As well as ensuring that visitors using a mobile device to access your site stay longer and can find what they are looking for, making your site mobile ready is critical for search engine optimization.

Many small businesses suffered catastrophic drops in search engine traffic after Google’s algorithm update in April, which added a website’s mobile readiness to their ranking factors. If you were lucky enough to escape “mobilegeddon”, consider it a lucky reprieve and don’t delay in making sure your website looks great on all types of mobile devices.

Content Marketing

You have probably heard the phrase: Content is King. But what exactly does that mean? And how can you make sure your content is helping your small business grow?

Today’s internet users consume content at a startling rate. Hundreds of articles, videos and blog posts flood our inbox and social media streams and the average person spends two hours a day consuming content online.

Content can be shared, bookmarked and interacted with in ways that few other marketing channels can be.

In general, try to create content which is:

  • Valuable. Ask yourself what your content offers the reader.
  • Visually appealing. Make your content more engaging with images, videos and infographics.
  • Crafted with SEO best practices in mind. Decide what keyword your content should target and optimize it carefully.
  • Easily shared. Place social sharing buttons in the content and use a catchy, descriptive title that will entice people to click through to read the content.

Cybersecurity

Headline security breaches can cost big businesses millions, but it’s not just major brands that are at risk. Over 30,000 SME websites are hacked every day. Small businesses are often more likely to suffer a data breach or website hack due to having weaker security systems in place. When we think of hacking incidents we tend to think of individuals looking to steal or expose information. However, your website can also be hijacked or injected with malicious code that serves unwanted ads, redirects visitors to other pages, locks you out of the admin area and generally wreaks havoc with your site’s stability.

Of course, theft of information is a strong motivator for hackers, and don’t fall into the trap of thinking you don’t have anything worth stealing!

If your website stores intellectual property, contracts, orders or customer information it is your responsibility to protect it.

Look into steps you can take to strengthen your defenses such as SSL certificates, two-factor log in authentication and third party monitoring/response services such as Sucuri.

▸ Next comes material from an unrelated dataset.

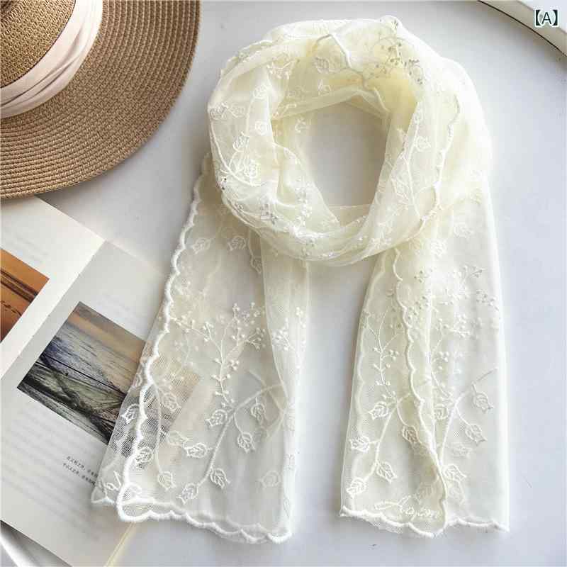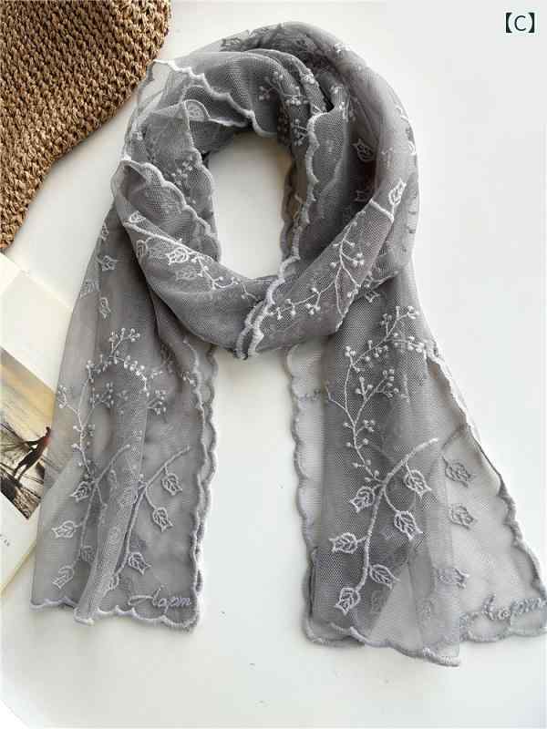 スカーフ 女性用 エレガント レース A:オフホワイト B:黒 C:グレー D:ピンク

An Ever-Shrinking Attention Span

It’s not just screen sizes that are shrinking- our attention span is dwindling too. While there is little you can do to combat human nature, it’s vital that your marketing efforts acknowledge and adapt to the fleeting window of opportunity you have to capture someone’s interest.

Make sure your title is catchy and interesting. Keep important information up front and centre, but include a great “hook” to encourage them to read more.

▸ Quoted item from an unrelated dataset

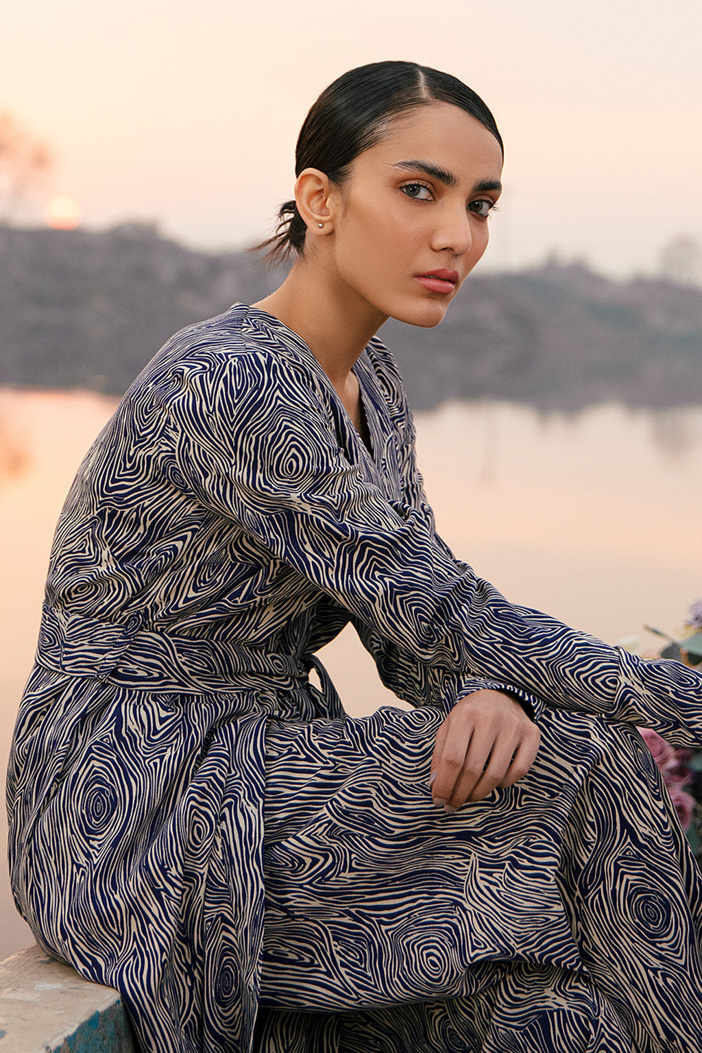 • Printed Long Shirt Having Side Slits & Knot In Front

Include great visuals such as videos or infographics. Visually represented information is digested by the human brain at a much faster rate than the written word, so it is a great shortcut to getting your point across.

Make sure that your call to action, whether it is a link, a button or a form are prominent and clear.

While we are on the topic of forms, keep those short and sweet. The percentage of people who will complete it decreases with every field that you add.